The evening of June 2, 1965, Moore was driving home from work when an individual in a pickup truck shot at him and his partner, David Creed Rogers, another African-American deputy sheriff. Moore lost control of the vehicle and crashed into a tree, dying instantly from a gunshot wound to the head.[1] Rogers suffered injuries, including to one eye, but survived the shooting and crash; he immediately broadcast a description of the vehicle, which he noted had a Confederate flag decal on its front bumper.[2]

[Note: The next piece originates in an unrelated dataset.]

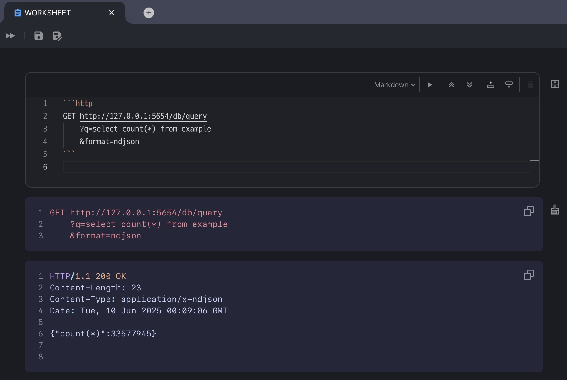 machbase-neo 웹 UI에는 REST API 클라이언트가 내장되어 있어 아래 예시처럼 워크시트의 마크다운이나 TQL에서 바로 HTTP API를 테스트할 수 있습니다.
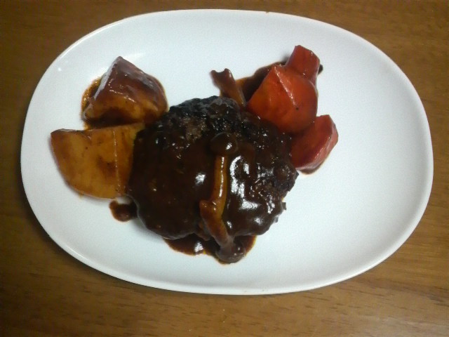 煮込みハンバーグは何度か登場しているも、今回は見た目は良く出来たかもしれませぬ。味はまあまあ…(^^;

Two suspects were arrested in Mississippi not long afterward. One was Ernest Ray McElveen, a known white supremacist. McElveen was represented by Baton Rouge, Louisiana, attorney Osier Brown. He later also represented the two men charged with Clarence Triggs' murder the following year in 1966.[3] The police filed no charges due to a lack of evidence and witnesses.
The cold case was reopened by the FBI several times, first in 1990, then in 2001 and 2007, but they did not bring indictments.[4] McElveen, the prime suspect in the case, died in 2003.
The Deacons for Defense and Justice, an African-American group with a chapter organized in 1965 in Bogalusa, Louisiana, among other chapters, to protect civil rights workers, provided armed protection and support for Moore's widow and family.[5]